- Requirement
When a line of the entries contains the word "area", report that line.

Start of Supplied entries

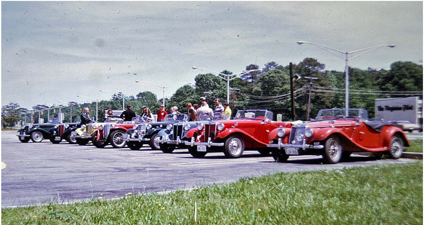
TMGC is born. Corner of Independence and Virginia Beach Blvd, 1973.
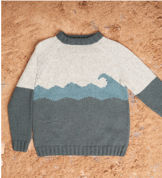
Sample size 7-8 years
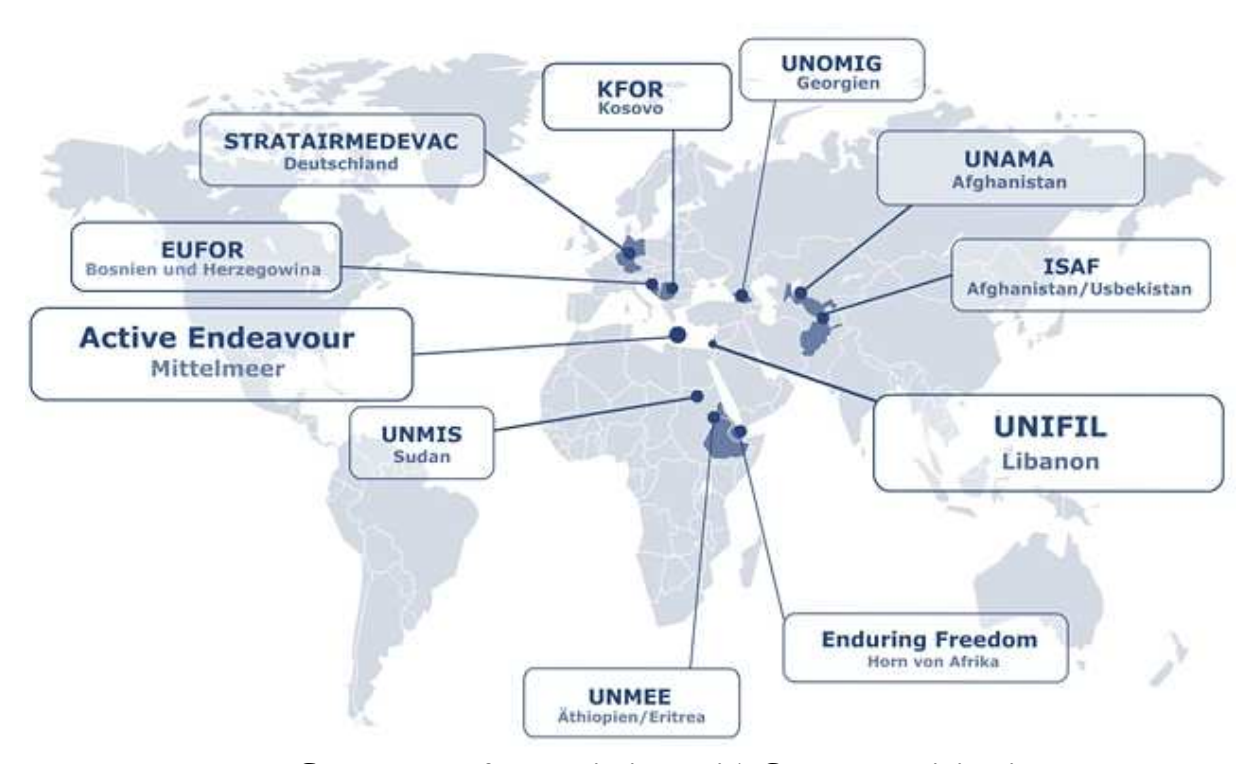
Current out-of-area missions with German participation

This quotation from former German Minister of Defence, Peter Struck, implies a fundamental shift in the German security orientation after 1990. Since the unification, Bundeswehr activity has been constantly expanding around the globe. 1992 in Somalia, 1995 in Bosnia, 1999 the Kosovo-war or 2001 Afghanistan<sup>2</sup>; whether fighting, observing or reconstructing: it seems the ambit of German military engagement is now unlimited. In 2008, nearly 7,000 German soldiers are participating in several out-of-area military operations.<sup>3</sup>
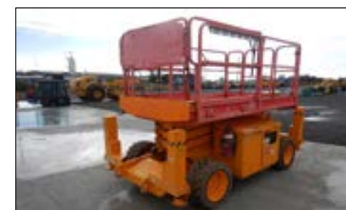
2009 JLG 260MRT

End of Supplied entries

- Finished exercise
Current out-of-area missions with German participation
This quotation from former German Minister of Defence, Peter Struck, implies a fundamental shift in the German security orientation after 1990. Since the unification, Bundeswehr activity has been constantly expanding around the globe. 1992 in Somalia, 1995 in Bosnia, 1999 the Kosovo-war or 2001 Afghanistan<sup>2</sup>; whether fighting, observing or reconstructing: it seems the ambit of German military engagement is now unlimited. In 2008, nearly 7,000 German soldiers are participating in several out-of-area military operations.<sup>3</sup>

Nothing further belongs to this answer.